Accuracy on the training set: 1.0
Accuracy on the test set: 1.0


Yeah, the accuracy score of 1.0 on the training and test sets demonstrates the model's extremely high level of performance. It also calls attention to the issue of overfitting, which occurs when a model is too complicated and captures noise and randomness in the training data rather than underlying patterns and correlations. Overfitting is a prevalent issue in machine learning.

As the accuracy on the test set is likewise 1.0 in this instance, it's likely that the model has memorized the training data rather than generalizing to new data because of how well it has learnt it. When the model is applied to real-world data that differs from the training data, this might result in subpar performance.

# Question 7
What would you recommend as potential next steps for continuing to develop and evaluate a model?

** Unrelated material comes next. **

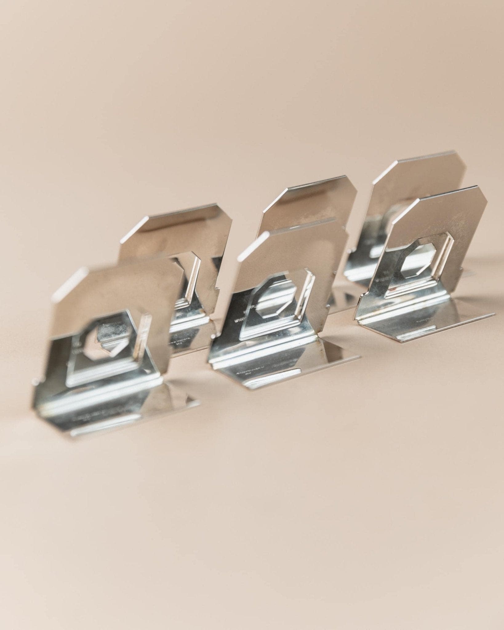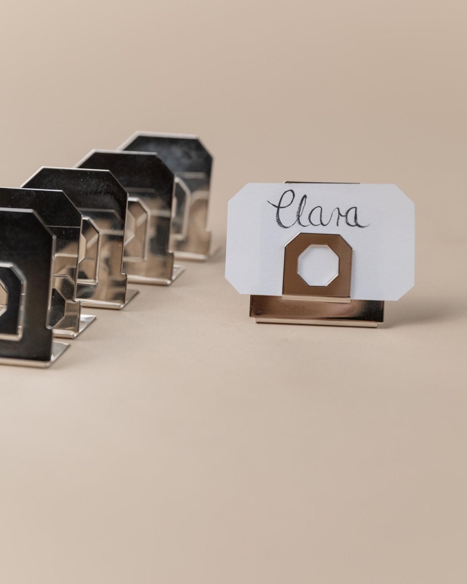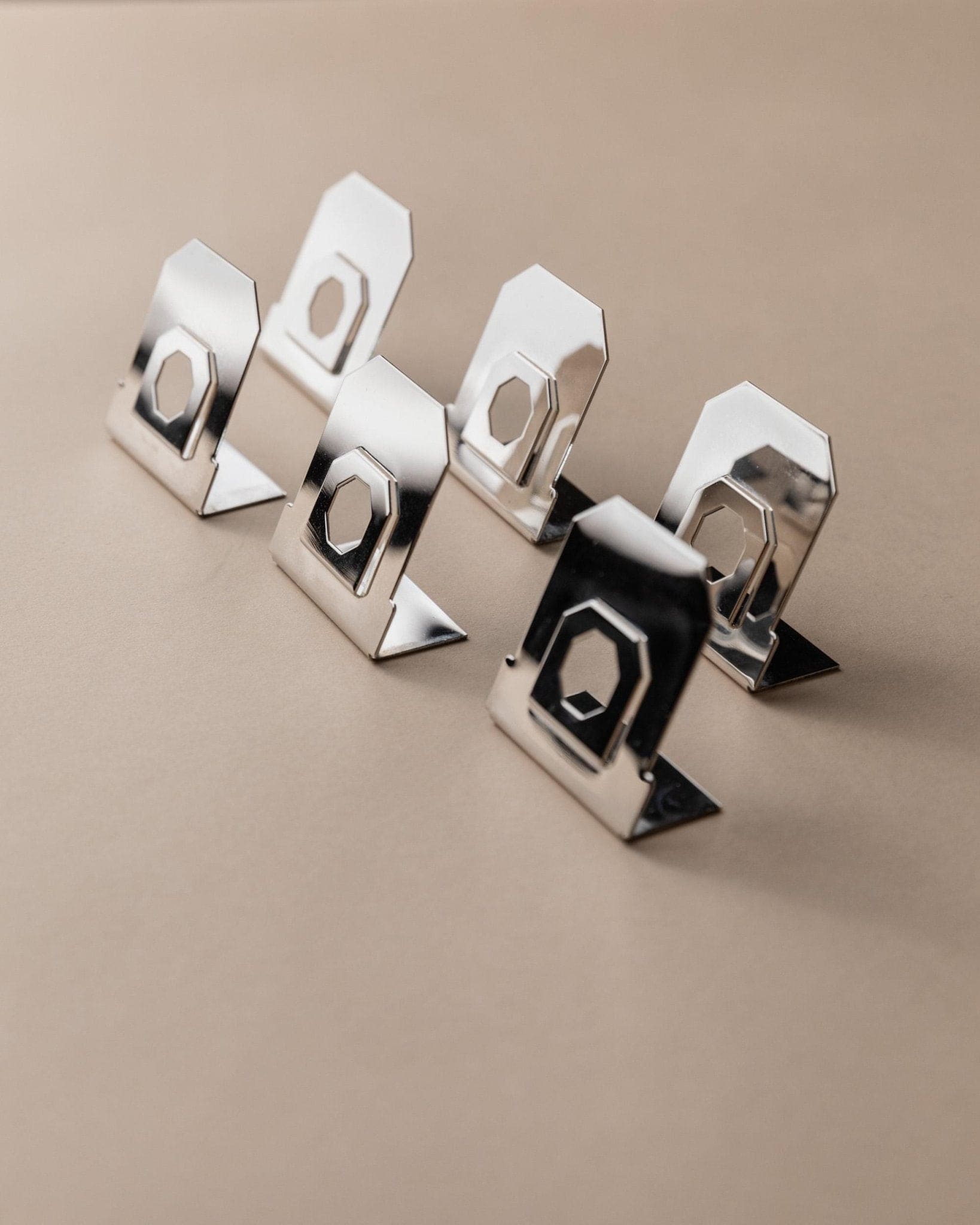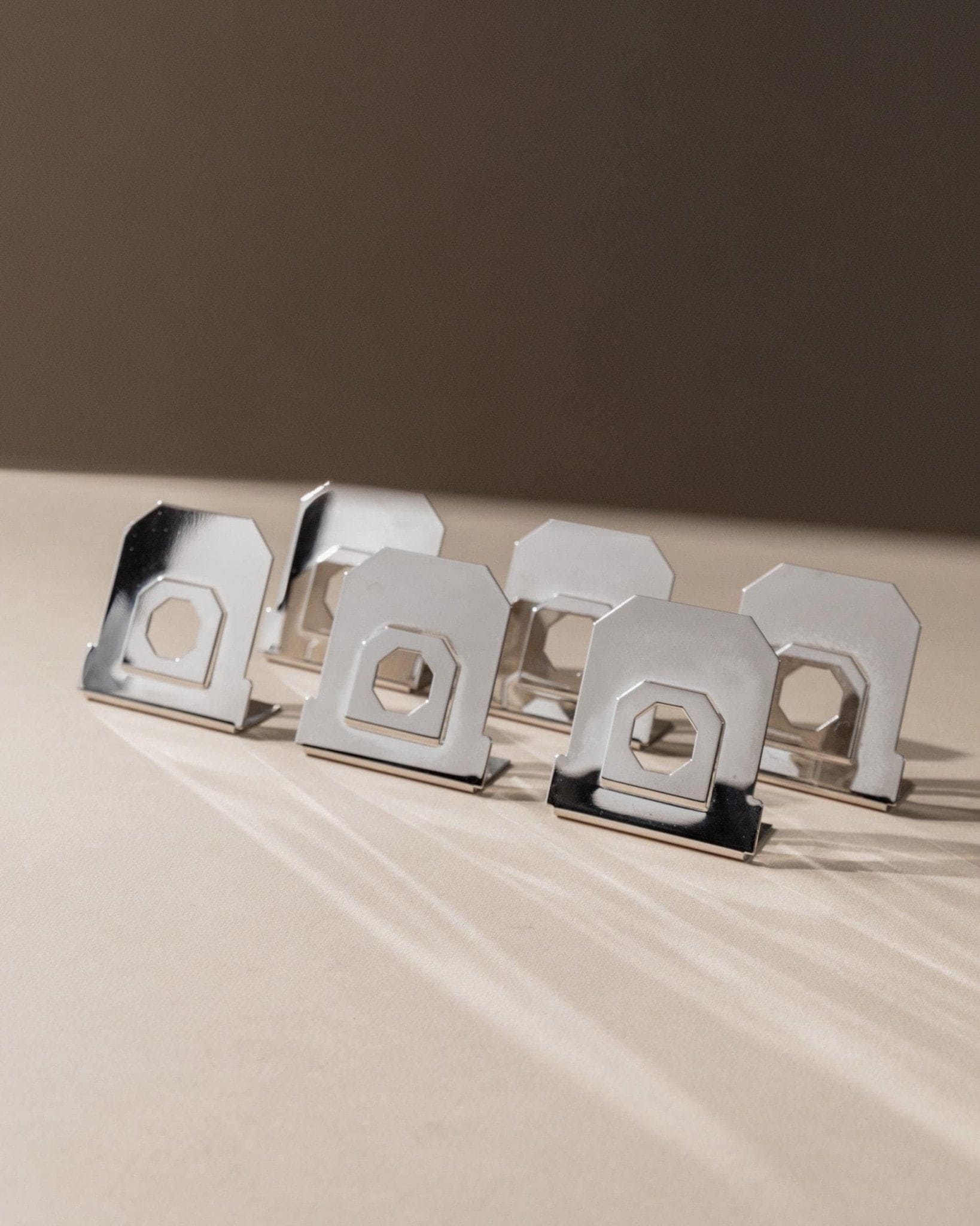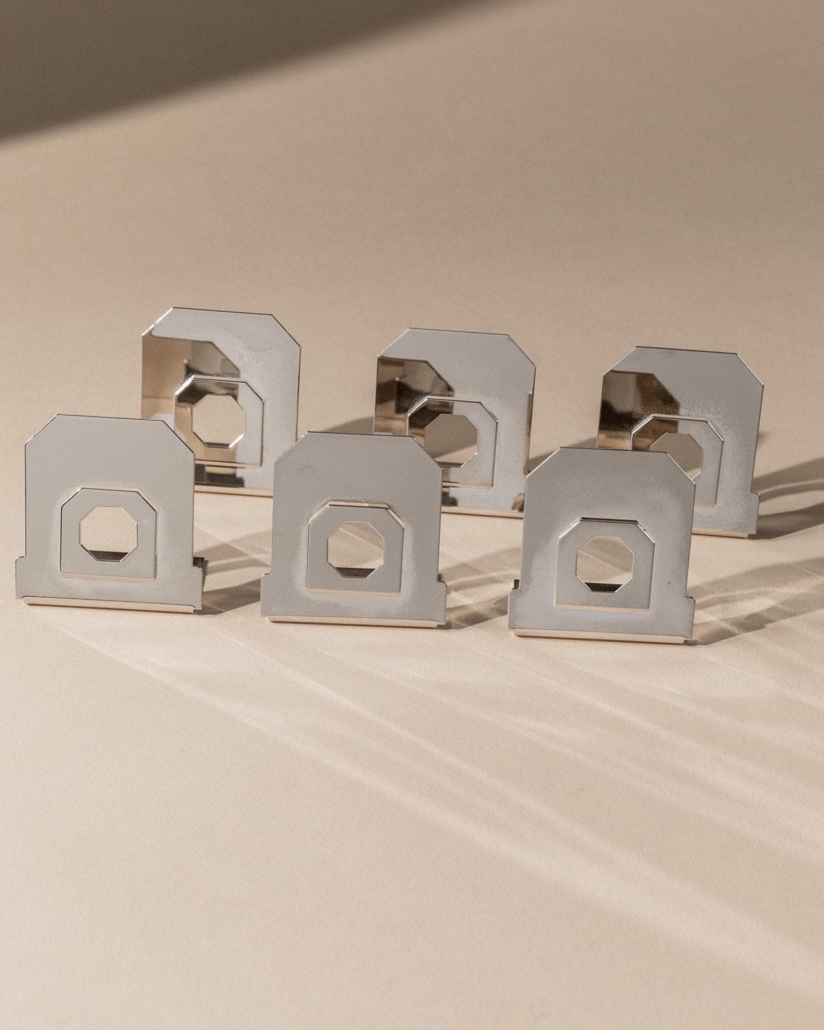 Entdecke dieses exklusive Set aus 6 Vintage Platzkartenhaltern, gefertigt in Italien in den 1980er Jahren. Die versilberte Oberfläche und das dezente, achteckige Cut-Out-Design verleihen jedem Tisch eine elegante, zeitlose Note. Inspiriert vom Mid Century Modern und Space Age Stil, vereinen diese Platzkartenhalter klassische Raffinesse mit moderner Geometrie. Perfekt für festliche Dinner, Hochzeiten oder als stilvolles Geschenk – sie setzen ein edles Statement auf jeder Tafel.

The model is probably overfitting to the training data, according to the printed accuracies of 1.0 for both the training and test sets. This may occur if the model is very complicated in relation to the size of the training set or if the data are noisy. Under these circumstances, the model could perform admirably on the training set but badly on fresh data. To determine how well the model generalizes, it's critical to assess its performance on a separate test set. 
Using regularization techniques, like as L1 or L2 regularization, can assist to minimize the complexity of the model and prevent it from fitting the noise in the data, which is one strategy to combat overfitting. Another strategy is to employ a less complex model that may be less prone to overfitting, like a decision tree or random forest.